Major Factors Determining the Timing of Sale

The following is a summary of typical factors that should be considered when timing the sale of a single income property. Interest rate trends, tax policy changes, and asset portfolio rebalancing can be the main triggers. Let's take a look at each of these.

  • Interest Rate Trends and Market Cycles: Real estate market conditions are closely linked to interest rates. To date, Japan has had ultra-low interest rates, which have supported lower real estate yields (and higher prices). However, with the Bank of Japan's decision to lift negative interest rates and eliminate YCC in 2024, interest rates may enter an upward phase in the future. If interest rates rise, there will be upward pressure on investors' cap rates, and real estate prices will turn downward. In other words, it is extremely important to be able to sell at the current high price level before interest rates rise. To give a concrete example, if the expected yield on a property with annual rental income of 10 million yen increases from 4% to 5%, the theoretical price will fall from 250 million yen to 200 million yen, a 20% drop. Even if not as extreme as this, it is inevitable that a gradual downward pressure will be exerted on the sale price during a period of rising interest rates. Therefore, if you read that interest rates will rise in the future, one theory is to sell before that happens. In addition to interest rate trends, you should also consider economic cycles and real estate market cycles. Since real estate prices fluctuate over the long term, you can view large price increases over the past several years as an opportunity to lock in profits. It is important not to miss the timing, especially if there are signs that inflation or land price appreciation rates have peaked out.

  • Tax milestones: Taxes on gains on the sale of real estate and other tax changes will also affect timing decisions. First of all, the transfer income tax rate on gains from the sale of real estate is only about 20% for individuals who sell after holding the property for five years or longer, while the rate for those who sell within five years is about 39%. This "5-year rule" makes a huge difference, so it is advantageous to hold the property for at least 5 years (strictly speaking, 5 years as of January 1 of the current year) before selling it if the property has just been purchased.

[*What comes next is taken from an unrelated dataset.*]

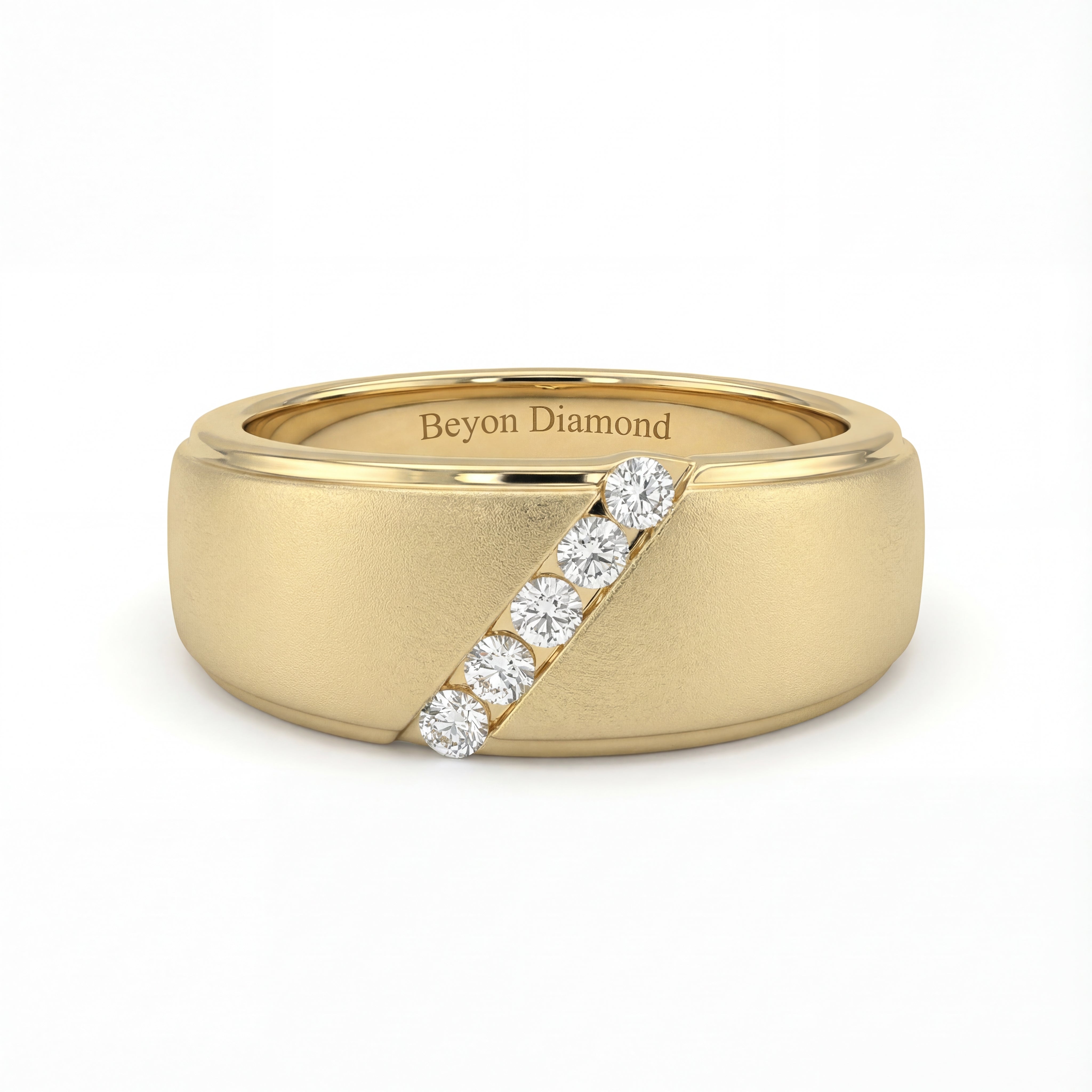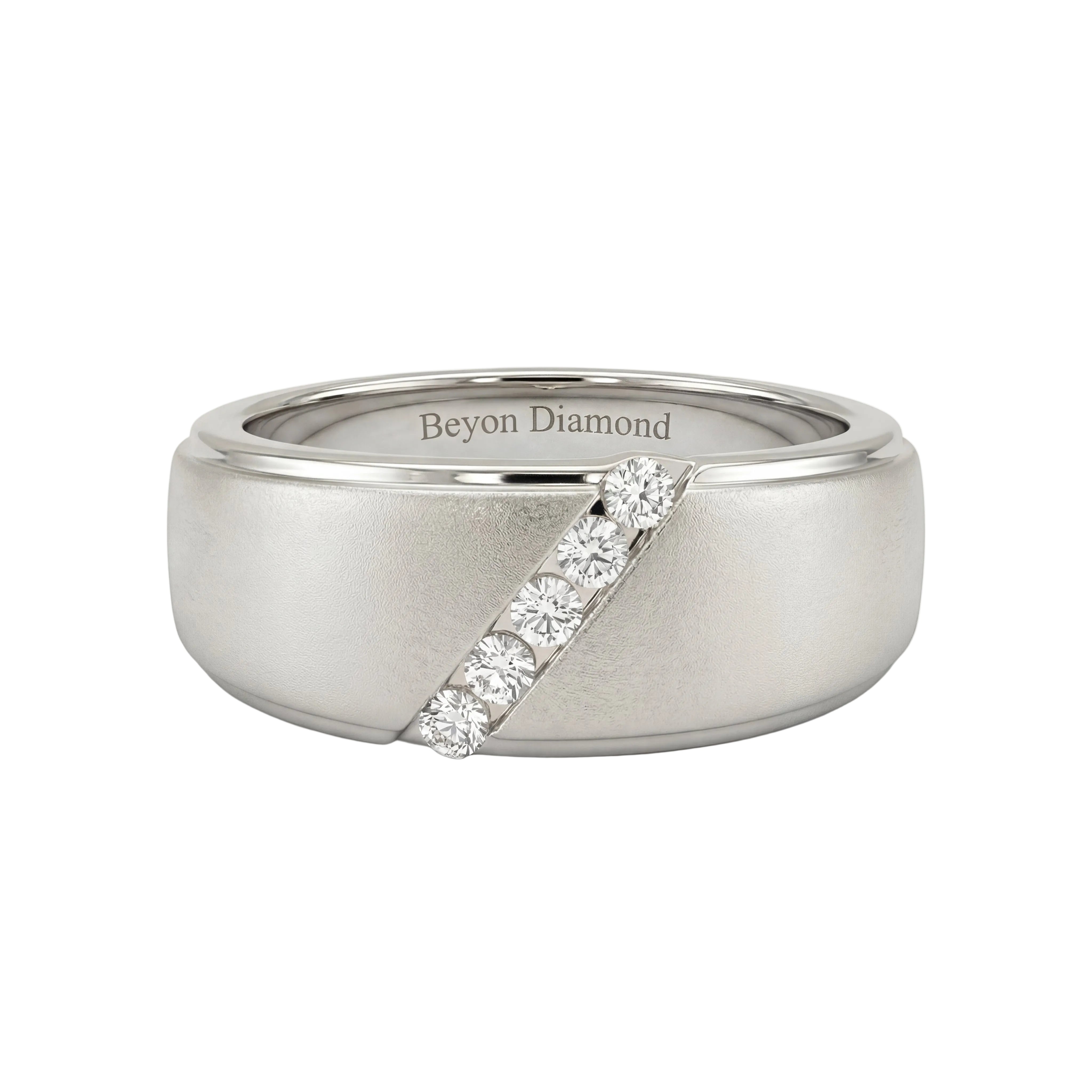 Slant Stone Studded Line Diamond Men's Ring

Many ultra-high-net-worth individuals hold their assets in the name of a corporation, but if the property is held in the name of an individual, it is important to first keep this tax rate milestone in mind.

    In addition, it is also necessary to keep abreast of recent tax system changes. The government announces taxation systems related to real estate (e.g., revisions to property tax assessments, inheritance tax and gift tax, etc.). For example, if there is a plan to change the basic inheritance tax exemption or valuation method, it may be advantageous or disadvantageous to sell the property before one's death. (*Check with your tax specialist for specific revisions.) (*Check with your tax advisor for specific revisions.) These changes in the taxation system may accelerate or delay the "right time" to sell. For example, if there is a prospect that gains on real estate sales will be taxed more heavily in the next few years, it may be a good idea to sell before that happens.

  • Rebalancing the asset portfolio: For the ultra-high-net-worth individuals, real estate is only one part of their portfolio, and the balance with other assets (stocks, business investments, artwork, etc.) and their financial needs are directly related to their decision to sell. For example, if real estate as a percentage of total assets becomes too high, some properties may be sold and reallocated to cash or other asset classes. If the real estate ratio swells during a strong market, it may be a good time to reallocate assets. Conversely, if there are other attractive investment or expansion opportunities that need to be funded, selling real estate may be an option. Changes in life stages should also be considered. For example, many people review their real estate holdings at milestones such as "a child becomes independent," "a business is taken over," or "a large piece of real estate is inherited from a parent. In fact, there are many cases where people consider selling the property they inherited from their parents when it is becoming a burden to manage. In the case of ultra-high net worth individuals, they will make a comprehensive decision on "when and what to sell and what to leave to the next generation" with an asset succession plan (estate plan) for themselves and their families in mind. In the process, you will determine whether or not the assets should be sold now.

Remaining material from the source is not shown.